Sellin odniósł się do trwającego w parlamencie protestu posłów PO i Nowoczesnej, którzy od 16 grudnia okupują salę obrad Sejmu protestując przeciwko usunięciu z obrad 16 grudnia posła PO Michała Szczerby i przegłosowania m.in. ustawy budżetowej w Sali Kolumnowej Sejmu (zdaniem opozycji w czasie tego głosowania mogło nie być wymaganego kworum).
Sellin mówiąc o trwającym kryzysie przyznał, że "przydałaby się deeskalacja", ale jako jej warunek wskazał "zaprzestanie nielegalnych działań" przez posłów opozycji.
Łamanie prawa ma polegać m.in. na przebywaniu w sali obrad Sejmu po zakończeniu posiedzenia izby niższej parlamentu.
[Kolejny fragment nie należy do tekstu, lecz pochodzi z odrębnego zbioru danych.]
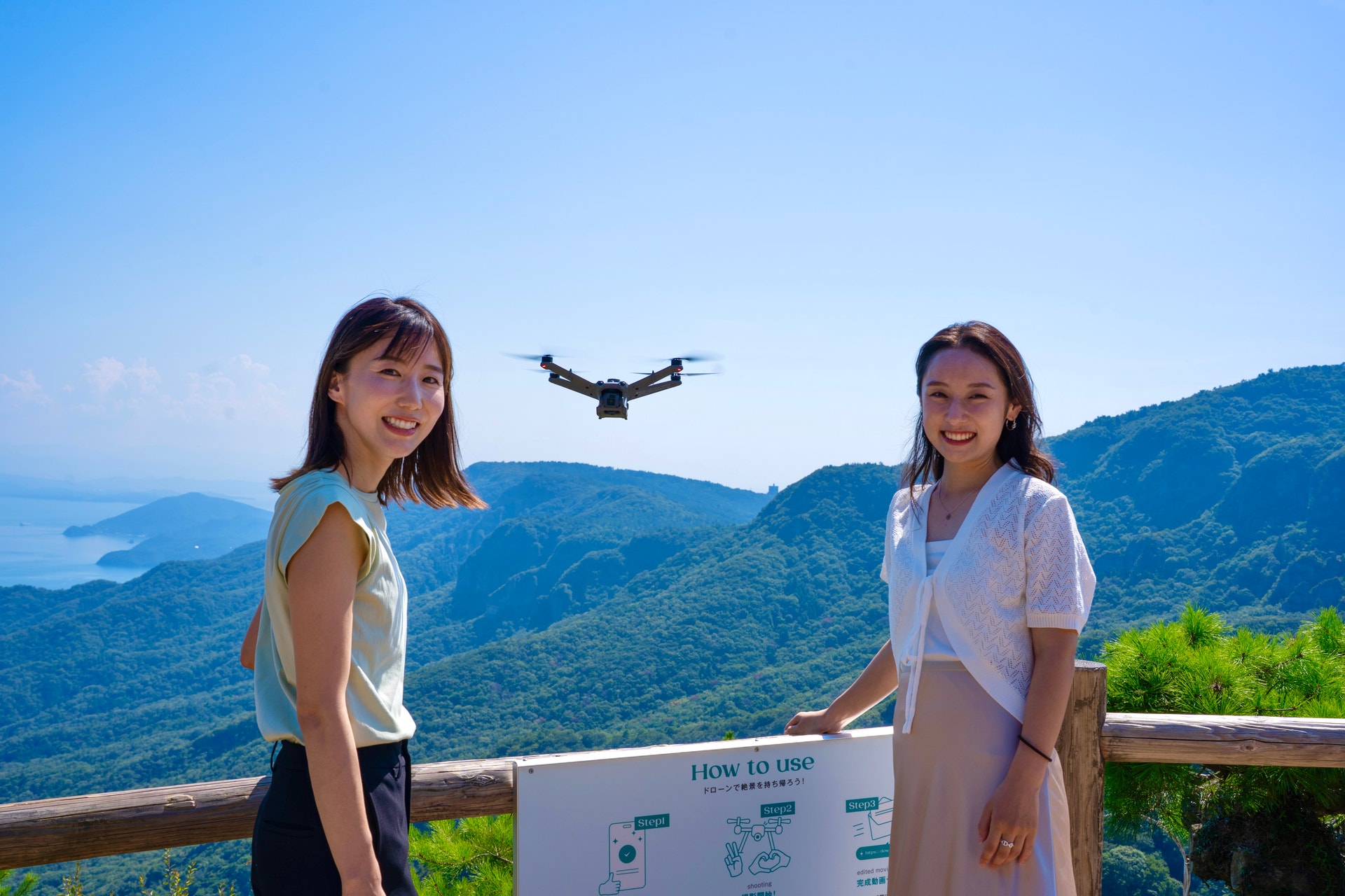 近くのステーションからドローンが自動で飛び立ち、約2分間の空撮が始まります。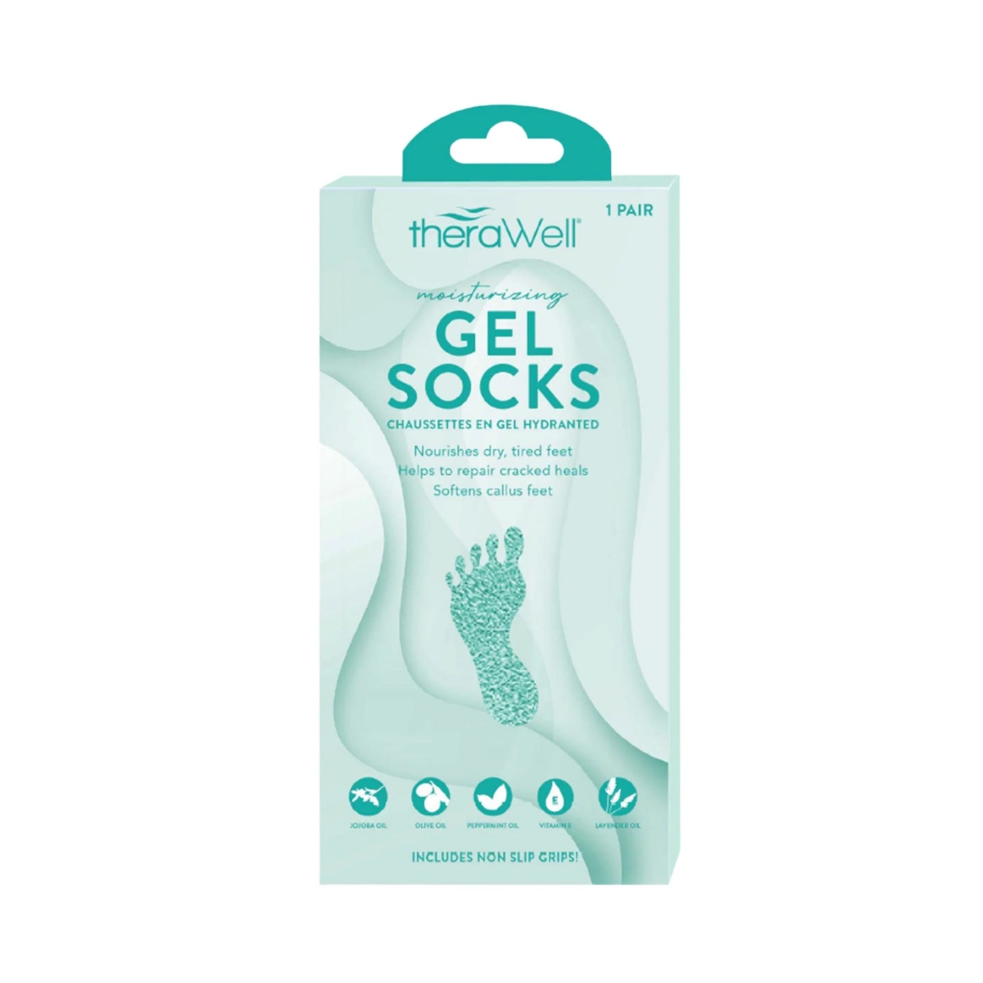 calcetines de gel hidratantes de la marca TheraWell. Estos calcetines están diseñados para tratar los pies secos con una terapia rica en humedad.

Zdaniem Sellina jest to działanie nielegalne.
Protest opozycji, polegający na okupacji sali obrad Sejmu Sellin ocenił jako "groteskowy i śmieszny", a jednocześnie "groźny", ponieważ "profanuje świątynię polskiej demokracji". - My (PiS - red.) zachęcamy do tego, aby to zakończyć – podkreślił.
Zdaniem Sellina wydarzenia do których doszło w Sejmie w grudniu są bezprecedensowe. – Nigdy jeszcze w 26 latach polskiego nowego parlamentaryzmu nie zdarzyło się, aby opozycja nie tylko blokowała mównicę, ale też fotel marszałka Sejmu, żeby mu pohukiwała do mikrofonu, żeby szturchała jego fotel - wyliczał.